Hyperspectral Anomaly Detection: Comparative Evaluation in Scenes with Diverse Complexity

1Department CISS, Royal Military Academy, 2007 Brussels, Belgium
2Land and Air Systems Division, Norwegian Defence Research Establishment (FFI), 2007 Kjeller, Norway
3Theoretical and Applied Optics Department, French Aerospace Laboratory (ONERA), FR-31055 Toulouse Cedex 4, France
4Department of Mathematics, Royal Military Academy, Brussels, Belgium

Received 24 May 2012; Revised 22 August 2012; Accepted 9 September 2012

Academic Editor: Xiaofei Hu

Copyright © 2012 Dirk Borghys et al. This is an open access article distributed under the Creative Commons Attribution License, which permits unrestricted use, distribution, and reproduction in any medium, provided the original work is properly cited.

Abstract

Anomaly detection (AD) in hyperspectral data has received a lot of attention for various applications.

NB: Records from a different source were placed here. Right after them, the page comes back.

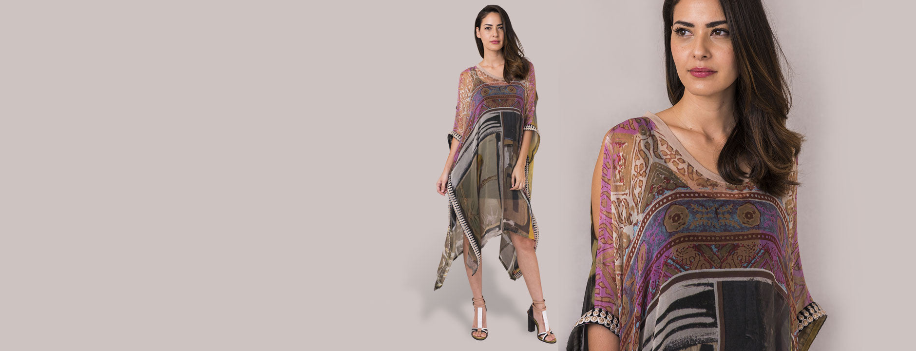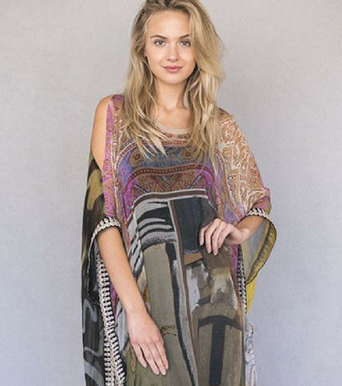 The "World Tapestry Kaftan" is beautiful, elegant and flattering. Featuring everything from birds and fish to asian waves, gypsy prints, and abstract art.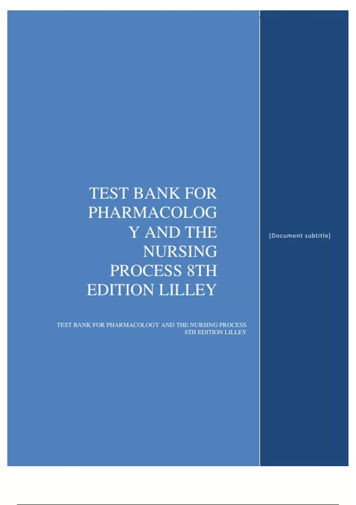 TEST BANK FOR PHARMACOLOGY AND THE NURSING PROCESS 8TH EDITION LILLEY. TEST BANK FOR PHARMACOLOGY AND THE NURSING PROCESS 8TH EDITION LILLEY TEST BANK FOR PHARMACOLOGY AND THE NURSING PROCESS 8TH EDITION LILLEY
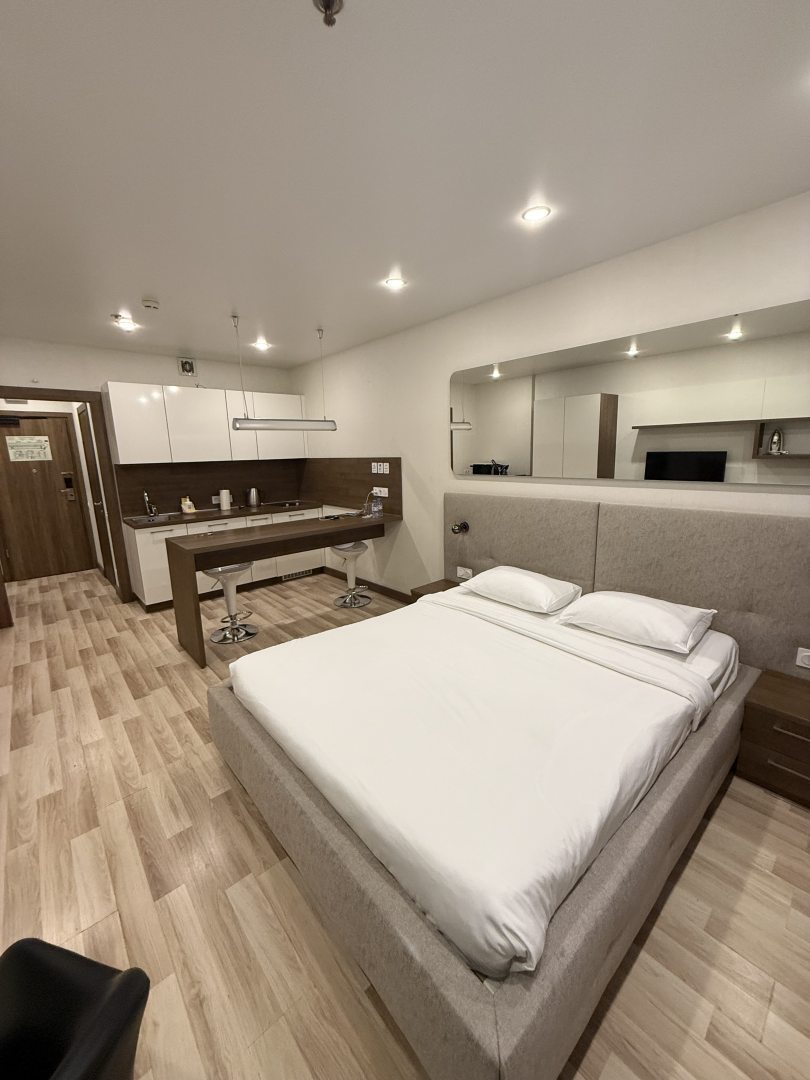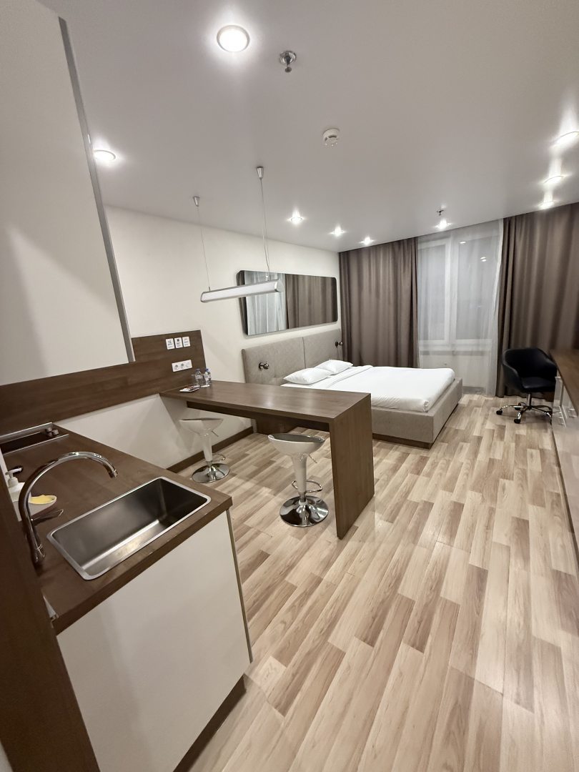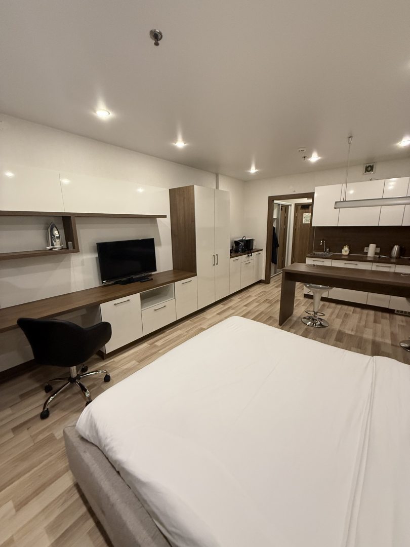 Этаж 10. В номере шторка в ванную грязная, полотенце для ног грязное, благодарю девушек горничных, которые сразу всё исправили и заменили,им отдельно респект! Поэтому и Хорошо в этот раз...Пол при входе расцарапан- это конечно не критично.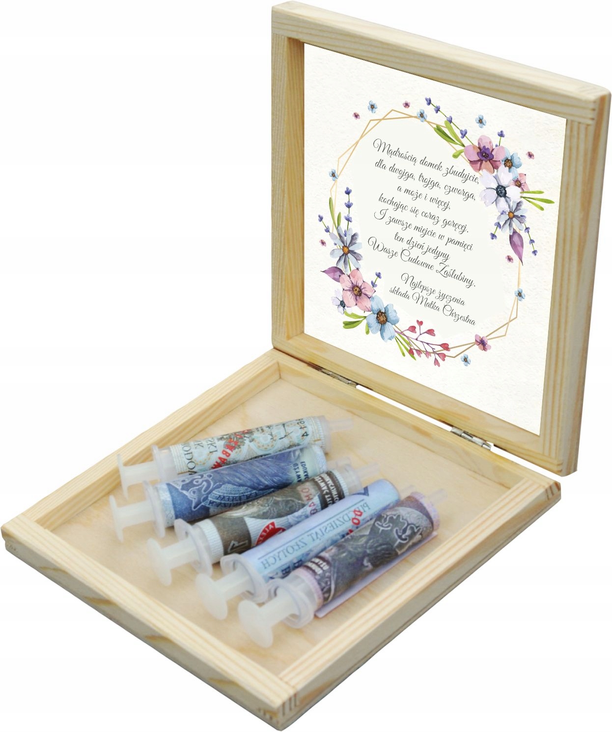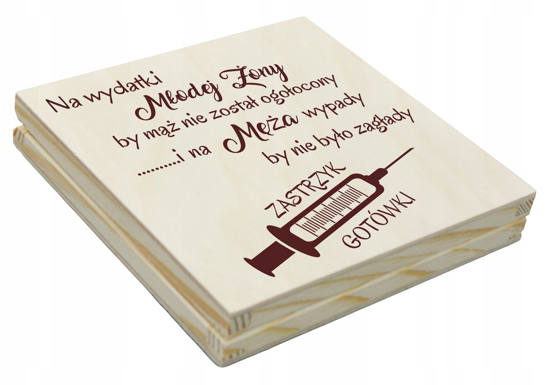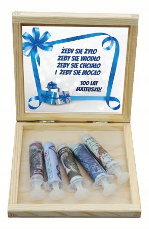 To personalizowane, grawerowane pudełko ze strzykawkami, które sprawdzi się doskonale. Pełni także praktyczną rolę - jako schowek na drobiazgi. Na pewno zaskoczysz tym młoda parę!

The aim of anomaly detection is to detect pixels in the hyperspectral data cube whose spectra differ significantly from the background spectra. Many anomaly detectors have been proposed in the literature. They differ in the way the background is characterized and in the method used for determining the difference between the current pixel and the background. The most well-known anomaly detector is the RX detector that calculates the Mahalanobis distance between the pixel under test (PUT) and the background. Global RX characterizes the background of the complete scene by a single multivariate normal probability density function. In many cases, this model is not appropriate for describing the background. For that reason a variety of other anomaly detection methods have been developed. This paper examines three classes of anomaly detectors: subspace methods, local methods, and segmentation-based methods. Representative examples of each class are chosen and applied on a set of hyperspectral data with diverse complexity. The results are evaluated and compared.